* [Try it] Without the pictures, set down every line of the data exactly.

* [Available records]
◇ ◇ ◇ ◇
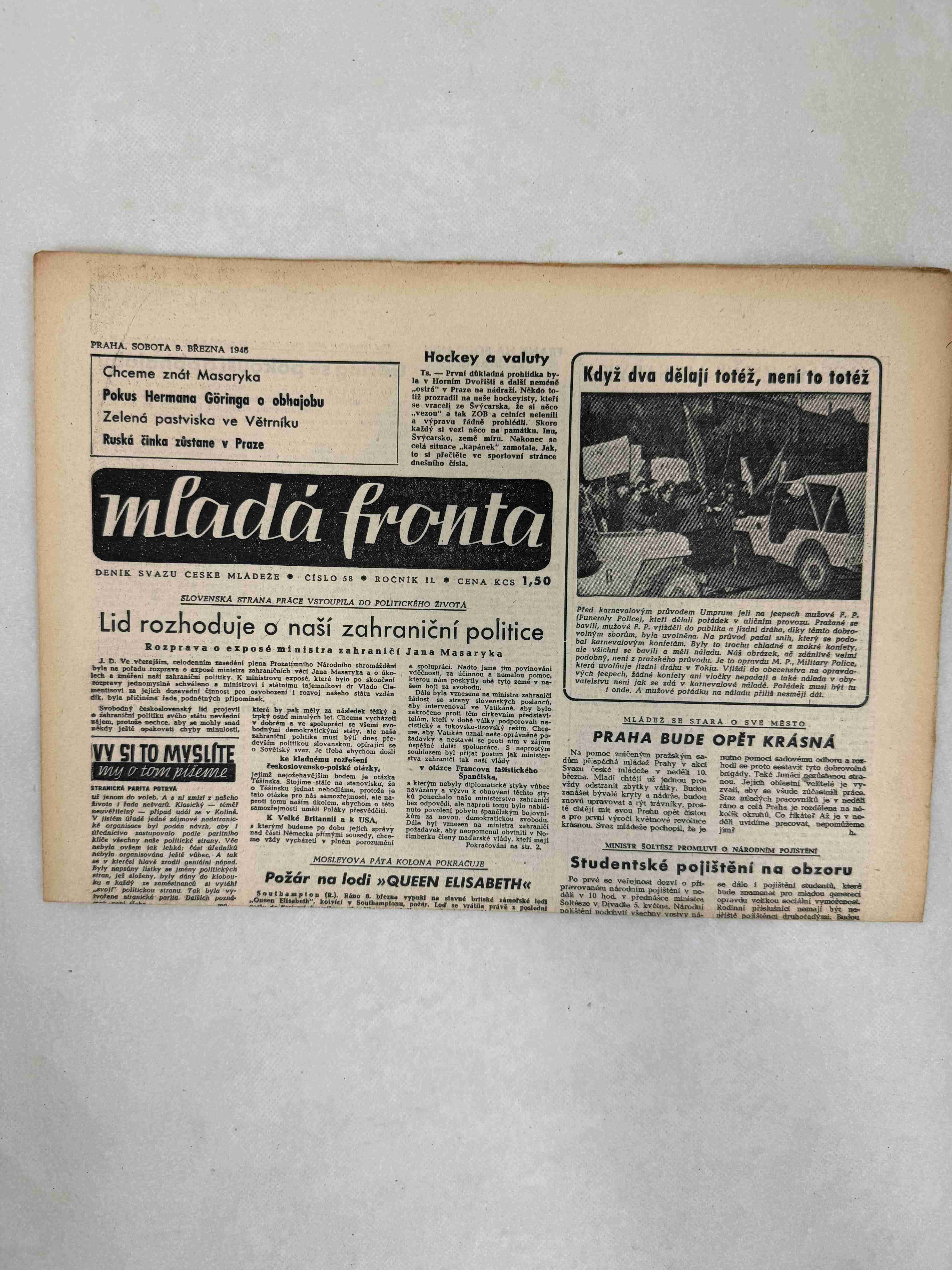 Originální dobový výtisk novin, nejedná se o reprodukci!
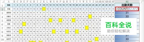 COUNT函数:计算包含数值的单元格个数。 下图中的例子是使用COUNT计算出勤天数,如果出勤了,就会有出勤时间(小时数是数值),未出勤则没有。
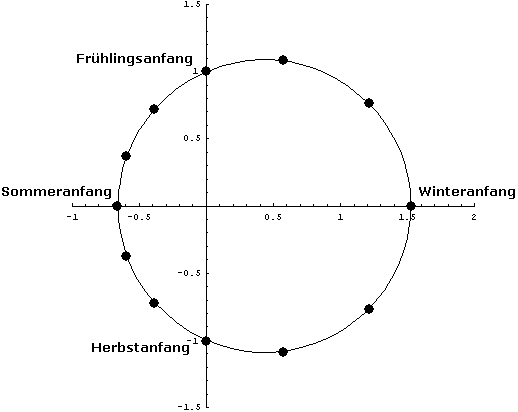 Setzt man beispielsweise in der Skaleneinteilung k = 12 (zur Markierung der (gerundeten) Monatslängen, beginnend mit dem Winteranfang), sieht man das Ergebnis wie in Bild 7.
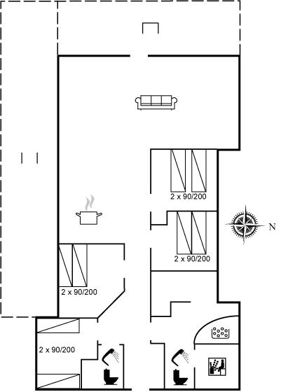 Der er 2 badeværelser med bruseniche og 2 toiletter. Der er gulvvarme på 1 badeværelse. Der er gulvvarme på gæstetoilettet. I saunaen er der mulighed for afslapning.
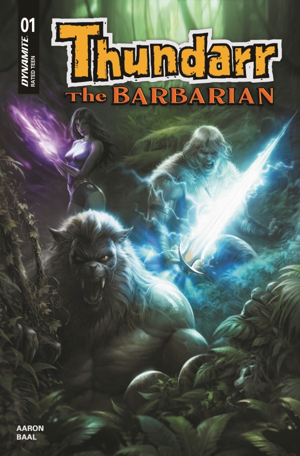 – In the year 1994, from outer space comes a runaway planet hurtling between the Earth and the Moon unleashing cosmic destruction! Man’s civilization is cast into ruin! Two thousand years later, Earth is reborn! A strange new world rises from the old, a world of savagery, super-science, and sorcery! But one man bursts his bonds to fight for justice! With his companions OOKLA THE MOK and PRINCESS ARIEL, he puts his strength, his courage, and his fabulous SUN SWORD against the forces of evil! He is THUNDARR THE BARBARIAN! Join trusted writer JASON AARON as he redefines a classic cartoon concept for today!
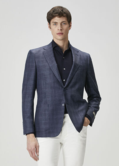 Ekose desenli, çift yırtmaçlı
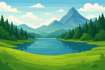 Mountain lake landscape vector background. Summer nature scenery with forest, green hills, blue sky. Flat cartoon illustration for travel, tourism, hiking, ecology concept.
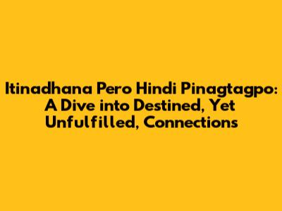 This concept isn't just a romantic notion; it touches upon the very fabric of how we understand life, love, and loss. It's a testament to the belief that some forces are bigger than us, that destiny can play a significant role in our lives, even if that role isn't always what we expect or desire. It highlights the beauty of the "what ifs" and the acceptance that some doors are meant to remain closed. Exploring "Itinadhana Pero Hindi Pinagtagpo" allows us to examine our own experiences with missed connections, unrequited feelings, and the profound impact that such encounters can have on our emotional landscape. So, grab a cup of coffee (or your favorite beverage), settle in, and let's unravel this intriguing phenomenon together.
◇ ◇ ◇ ◇
* [Solution]
 Originální dobový výtisk novin, nejedná se o reprodukci!
 COUNT函数:计算包含数值的单元格个数。 下图中的例子是使用COUNT计算出勤天数,如果出勤了,就会有出勤时间(小时数是数值),未出勤则没有。
 Setzt man beispielsweise in der Skaleneinteilung k = 12 (zur Markierung der (gerundeten) Monatslängen, beginnend mit dem Winteranfang), sieht man das Ergebnis wie in Bild 7.
 Der er 2 badeværelser med bruseniche og 2 toiletter. Der er gulvvarme på 1 badeværelse. Der er gulvvarme på gæstetoilettet. I saunaen er der mulighed for afslapning.
 – In the year 1994, from outer space comes a runaway planet hurtling between the Earth and the Moon unleashing cosmic destruction! Man’s civilization is cast into ruin! Two thousand years later, Earth is reborn! A strange new world rises from the old, a world of savagery, super-science, and sorcery! But one man bursts his bonds to fight for justice! With his companions OOKLA THE MOK and PRINCESS ARIEL, he puts his strength, his courage, and his fabulous SUN SWORD against the forces of evil! He is THUNDARR THE BARBARIAN! Join trusted writer JASON AARON as he redefines a classic cartoon concept for today!
 Ekose desenli, çift yırtmaçlı
 Mountain lake landscape vector background. Summer nature scenery with forest, green hills, blue sky. Flat cartoon illustration for travel, tourism, hiking, ecology concept.
 This concept isn't just a romantic notion; it touches upon the very fabric of how we understand life, love, and loss. It's a testament to the belief that some forces are bigger than us, that destiny can play a significant role in our lives, even if that role isn't always what we expect or desire. It highlights the beauty of the "what ifs" and the acceptance that some doors are meant to remain closed. Exploring "Itinadhana Pero Hindi Pinagtagpo" allows us to examine our own experiences with missed connections, unrequited feelings, and the profound impact that such encounters can have on our emotional landscape. So, grab a cup of coffee (or your favorite beverage), settle in, and let's unravel this intriguing phenomenon together.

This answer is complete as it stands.